(Source records Opens)
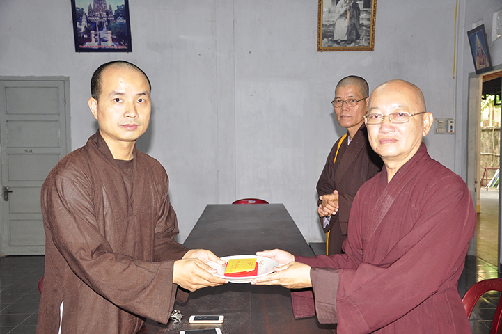 Tháp tùng trong chuyến đi có ĐĐ. Thích Thiện Danh – Phó Thư ký kiêm Chánh văn phòng ban trị sự GHPGVN tỉnh Long An; Đạo hữu Lệ Kiệt- Phó Thư ký kiêm phó Chánh văn phòng BTS. GHPGVN tỉnh Long An; ĐĐ. Thích Lệ Tấn- Phó thường trực Ban trị sự GHPGVN liên huyện Tân Thạnh- Kiến Tường- Mộc Hóa- Vĩnh Hưng; ĐĐ. Thích An Điền – Chánh Thư ký Ban Từ Thiện Xã hội Phật giáo tỉnh Long An; ông Huỳnh Văn Thuần- Phó Giám đốc Sở Nội vụ- Trưởng Ban Tôn giáo tỉnh Long An; ông Nguyễn Văn Tâm- Phó phòng Nghiệp vụ Ban Tôn giáo tỉnh Long An cùng Chư tôn đức Tăng Ni, Phật tử.
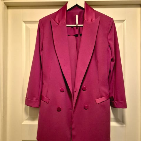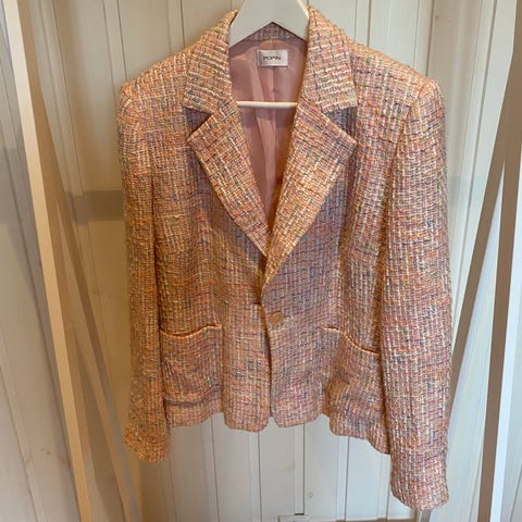 Lang blazer fra popin. Vintage modell som er flere år gammel. Lite brukt,men like aktuell i dag. Kan brukes alene med høye støvletter,eller til bukse,fin kjole. Må renses!
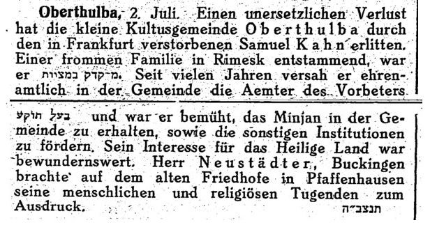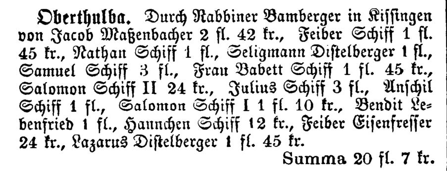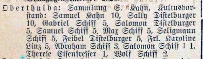 mehr. 1699 lebten zwei jüdische Familien in Oberthulba (Samuel und Jacob). Mitte
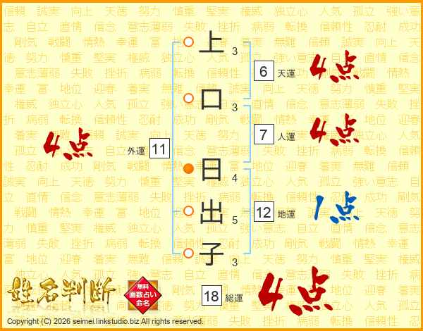 上口日出子さんの総運は18画の4点!
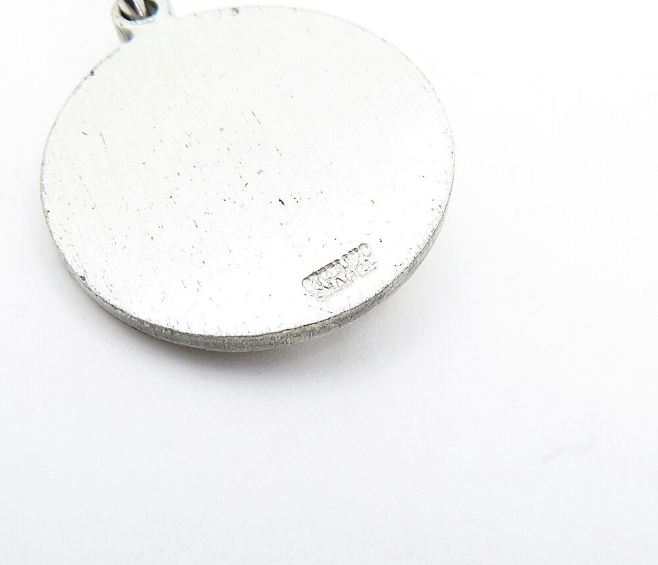 925 Sterling Silver Vintage Saint Stephen Stamped Round Drop Pendant PT4207
(Source records Closes)
What you are asked to do
Write out, exactly and with no pictures, the lines of the data from the first through the line containing "上口日出子さんの総運は18画の4点!".

Finished exercise
 Tháp tùng trong chuyến đi có ĐĐ. Thích Thiện Danh – Phó Thư ký kiêm Chánh văn phòng ban trị sự GHPGVN tỉnh Long An; Đạo hữu Lệ Kiệt- Phó Thư ký kiêm phó Chánh văn phòng BTS. GHPGVN tỉnh Long An; ĐĐ. Thích Lệ Tấn- Phó thường trực Ban trị sự GHPGVN liên huyện Tân Thạnh- Kiến Tường- Mộc Hóa- Vĩnh Hưng; ĐĐ. Thích An Điền – Chánh Thư ký Ban Từ Thiện Xã hội Phật giáo tỉnh Long An; ông Huỳnh Văn Thuần- Phó Giám đốc Sở Nội vụ- Trưởng Ban Tôn giáo tỉnh Long An; ông Nguyễn Văn Tâm- Phó phòng Nghiệp vụ Ban Tôn giáo tỉnh Long An cùng Chư tôn đức Tăng Ni, Phật tử.
 Lang blazer fra popin. Vintage modell som er flere år gammel. Lite brukt,men like aktuell i dag. Kan brukes alene med høye støvletter,eller til bukse,fin kjole. Må renses!
 mehr. 1699 lebten zwei jüdische Familien in Oberthulba (Samuel und Jacob). Mitte
 上口日出子さんの総運は18画の4点!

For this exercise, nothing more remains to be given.